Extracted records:
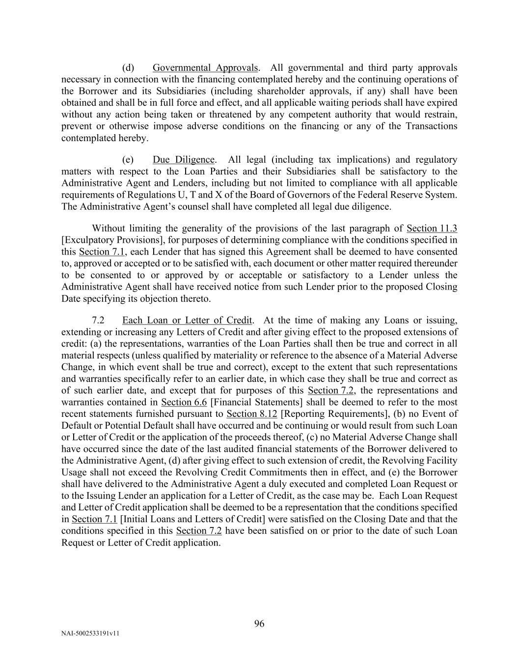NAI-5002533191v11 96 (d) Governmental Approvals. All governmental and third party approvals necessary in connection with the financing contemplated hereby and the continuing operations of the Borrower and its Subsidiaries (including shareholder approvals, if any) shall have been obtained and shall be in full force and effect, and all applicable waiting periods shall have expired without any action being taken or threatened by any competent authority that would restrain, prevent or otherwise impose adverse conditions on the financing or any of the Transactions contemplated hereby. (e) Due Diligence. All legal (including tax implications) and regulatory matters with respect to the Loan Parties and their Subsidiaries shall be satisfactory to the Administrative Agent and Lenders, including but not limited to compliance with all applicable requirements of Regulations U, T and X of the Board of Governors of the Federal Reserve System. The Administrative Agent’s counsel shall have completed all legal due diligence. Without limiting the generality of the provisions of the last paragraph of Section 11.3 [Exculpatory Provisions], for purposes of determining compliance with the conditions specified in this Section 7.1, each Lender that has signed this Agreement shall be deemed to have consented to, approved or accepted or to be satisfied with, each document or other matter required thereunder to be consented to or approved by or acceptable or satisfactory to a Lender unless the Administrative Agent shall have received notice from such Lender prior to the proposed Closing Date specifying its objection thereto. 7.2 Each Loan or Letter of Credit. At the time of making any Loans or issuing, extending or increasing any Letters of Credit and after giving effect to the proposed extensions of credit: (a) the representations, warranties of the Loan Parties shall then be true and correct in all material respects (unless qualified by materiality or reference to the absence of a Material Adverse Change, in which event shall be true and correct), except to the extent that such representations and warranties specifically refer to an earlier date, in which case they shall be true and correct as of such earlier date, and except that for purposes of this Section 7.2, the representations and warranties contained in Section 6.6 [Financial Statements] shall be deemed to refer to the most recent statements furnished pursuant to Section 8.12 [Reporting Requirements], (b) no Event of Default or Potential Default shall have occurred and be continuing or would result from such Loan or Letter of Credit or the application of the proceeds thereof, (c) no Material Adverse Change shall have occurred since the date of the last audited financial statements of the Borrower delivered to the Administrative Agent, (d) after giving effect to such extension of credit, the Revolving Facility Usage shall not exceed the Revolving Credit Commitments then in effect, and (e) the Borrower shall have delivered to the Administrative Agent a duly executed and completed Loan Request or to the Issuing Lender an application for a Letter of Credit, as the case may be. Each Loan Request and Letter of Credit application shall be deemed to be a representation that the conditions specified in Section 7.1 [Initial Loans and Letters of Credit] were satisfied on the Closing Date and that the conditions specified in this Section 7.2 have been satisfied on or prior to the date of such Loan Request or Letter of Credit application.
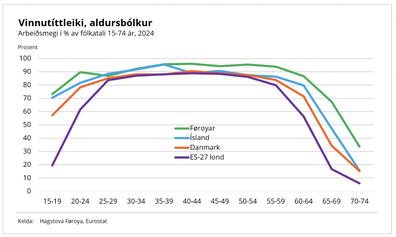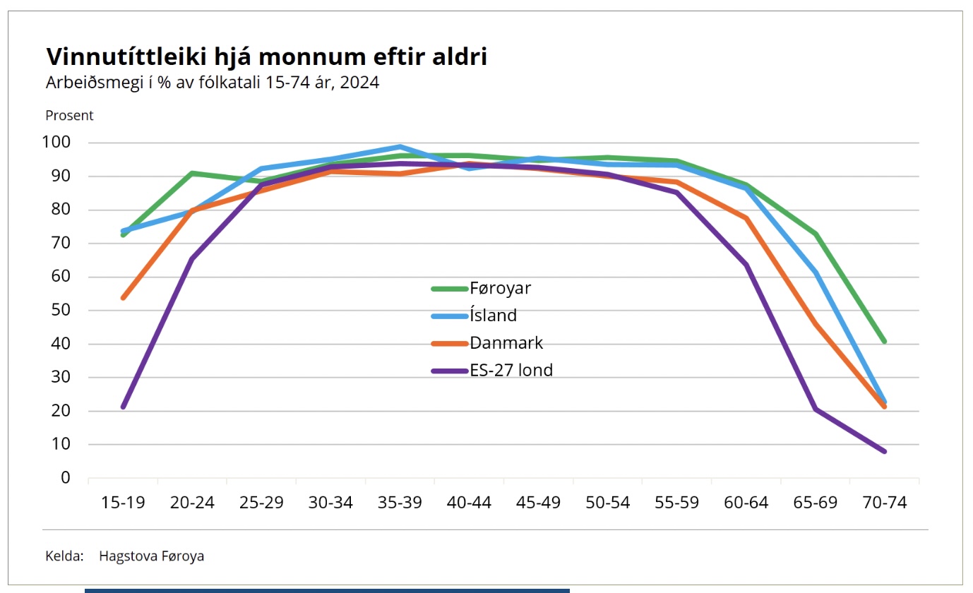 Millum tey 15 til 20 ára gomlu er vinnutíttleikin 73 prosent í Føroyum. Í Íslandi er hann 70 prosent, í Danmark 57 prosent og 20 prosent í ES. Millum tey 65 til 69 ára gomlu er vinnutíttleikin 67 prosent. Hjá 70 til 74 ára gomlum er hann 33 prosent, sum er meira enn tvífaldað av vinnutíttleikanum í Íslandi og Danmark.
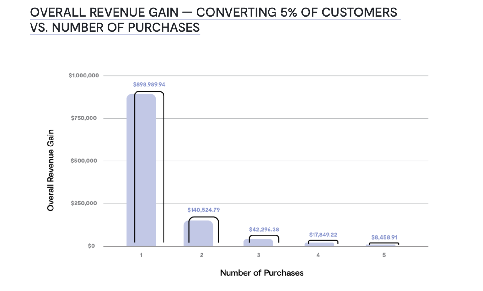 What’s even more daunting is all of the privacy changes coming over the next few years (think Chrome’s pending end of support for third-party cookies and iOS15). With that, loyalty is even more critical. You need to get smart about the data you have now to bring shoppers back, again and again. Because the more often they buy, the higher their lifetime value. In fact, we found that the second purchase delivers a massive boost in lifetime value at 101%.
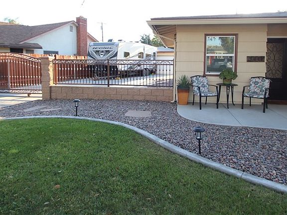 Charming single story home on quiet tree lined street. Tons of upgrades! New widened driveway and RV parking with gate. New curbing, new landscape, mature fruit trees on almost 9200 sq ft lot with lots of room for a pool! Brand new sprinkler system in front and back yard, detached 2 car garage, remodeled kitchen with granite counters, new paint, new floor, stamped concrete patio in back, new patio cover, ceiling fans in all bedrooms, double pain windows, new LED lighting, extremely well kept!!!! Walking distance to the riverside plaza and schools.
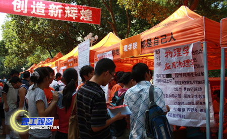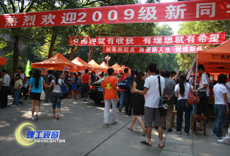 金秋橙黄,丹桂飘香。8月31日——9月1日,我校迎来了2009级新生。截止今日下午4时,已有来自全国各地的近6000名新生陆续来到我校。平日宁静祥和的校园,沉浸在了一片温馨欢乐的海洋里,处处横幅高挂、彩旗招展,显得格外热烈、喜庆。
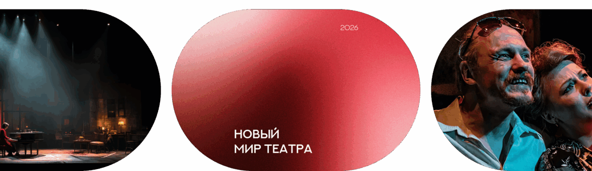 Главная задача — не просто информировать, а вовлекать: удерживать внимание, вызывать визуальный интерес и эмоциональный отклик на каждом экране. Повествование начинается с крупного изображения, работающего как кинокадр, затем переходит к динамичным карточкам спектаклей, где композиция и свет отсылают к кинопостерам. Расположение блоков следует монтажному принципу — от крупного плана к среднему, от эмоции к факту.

(Requirement) Return the lines of the data above in full and exactly, with no pictures.

(Answer box)
NAI-5002533191v11 96 (d) Governmental Approvals. All governmental and third party approvals necessary in connection with the financing contemplated hereby and the continuing operations of the Borrower and its Subsidiaries (including shareholder approvals, if any) shall have been obtained and shall be in full force and effect, and all applicable waiting periods shall have expired without any action being taken or threatened by any competent authority that would restrain, prevent or otherwise impose adverse conditions on the financing or any of the Transactions contemplated hereby. (e) Due Diligence. All legal (including tax implications) and regulatory matters with respect to the Loan Parties and their Subsidiaries shall be satisfactory to the Administrative Agent and Lenders, including but not limited to compliance with all applicable requirements of Regulations U, T and X of the Board of Governors of the Federal Reserve System. The Administrative Agent’s counsel shall have completed all legal due diligence. Without limiting the generality of the provisions of the last paragraph of Section 11.3 [Exculpatory Provisions], for purposes of determining compliance with the conditions specified in this Section 7.1, each Lender that has signed this Agreement shall be deemed to have consented to, approved or accepted or to be satisfied with, each document or other matter required thereunder to be consented to or approved by or acceptable or satisfactory to a Lender unless the Administrative Agent shall have received notice from such Lender prior to the proposed Closing Date specifying its objection thereto. 7.2 Each Loan or Letter of Credit. At the time of making any Loans or issuing, extending or increasing any Letters of Credit and after giving effect to the proposed extensions of credit: (a) the representations, warranties of the Loan Parties shall then be true and correct in all material respects (unless qualified by materiality or reference to the absence of a Material Adverse Change, in which event shall be true and correct), except to the extent that such representations and warranties specifically refer to an earlier date, in which case they shall be true and correct as of such earlier date, and except that for purposes of this Section 7.2, the representations and warranties contained in Section 6.6 [Financial Statements] shall be deemed to refer to the most recent statements furnished pursuant to Section 8.12 [Reporting Requirements], (b) no Event of Default or Potential Default shall have occurred and be continuing or would result from such Loan or Letter of Credit or the application of the proceeds thereof, (c) no Material Adverse Change shall have occurred since the date of the last audited financial statements of the Borrower delivered to the Administrative Agent, (d) after giving effect to such extension of credit, the Revolving Facility Usage shall not exceed the Revolving Credit Commitments then in effect, and (e) the Borrower shall have delivered to the Administrative Agent a duly executed and completed Loan Request or to the Issuing Lender an application for a Letter of Credit, as the case may be. Each Loan Request and Letter of Credit application shall be deemed to be a representation that the conditions specified in Section 7.1 [Initial Loans and Letters of Credit] were satisfied on the Closing Date and that the conditions specified in this Section 7.2 have been satisfied on or prior to the date of such Loan Request or Letter of Credit application.
 Millum tey 15 til 20 ára gomlu er vinnutíttleikin 73 prosent í Føroyum. Í Íslandi er hann 70 prosent, í Danmark 57 prosent og 20 prosent í ES. Millum tey 65 til 69 ára gomlu er vinnutíttleikin 67 prosent. Hjá 70 til 74 ára gomlum er hann 33 prosent, sum er meira enn tvífaldað av vinnutíttleikanum í Íslandi og Danmark.
 What’s even more daunting is all of the privacy changes coming over the next few years (think Chrome’s pending end of support for third-party cookies and iOS15). With that, loyalty is even more critical. You need to get smart about the data you have now to bring shoppers back, again and again. Because the more often they buy, the higher their lifetime value. In fact, we found that the second purchase delivers a massive boost in lifetime value at 101%.
 Charming single story home on quiet tree lined street. Tons of upgrades! New widened driveway and RV parking with gate. New curbing, new landscape, mature fruit trees on almost 9200 sq ft lot with lots of room for a pool! Brand new sprinkler system in front and back yard, detached 2 car garage, remodeled kitchen with granite counters, new paint, new floor, stamped concrete patio in back, new patio cover, ceiling fans in all bedrooms, double pain windows, new LED lighting, extremely well kept!!!! Walking distance to the riverside plaza and schools.
 金秋橙黄,丹桂飘香。8月31日——9月1日,我校迎来了2009级新生。截止今日下午4时,已有来自全国各地的近6000名新生陆续来到我校。平日宁静祥和的校园,沉浸在了一片温馨欢乐的海洋里,处处横幅高挂、彩旗招展,显得格外热烈、喜庆。
 Главная задача — не просто информировать, а вовлекать: удерживать внимание, вызывать визуальный интерес и эмоциональный отклик на каждом экране. Повествование начинается с крупного изображения, работающего как кинокадр, затем переходит к динамичным карточкам спектаклей, где композиция и свет отсылают к кинопостерам. Расположение блоков следует монтажному принципу — от крупного плана к среднему, от эмоции к факту.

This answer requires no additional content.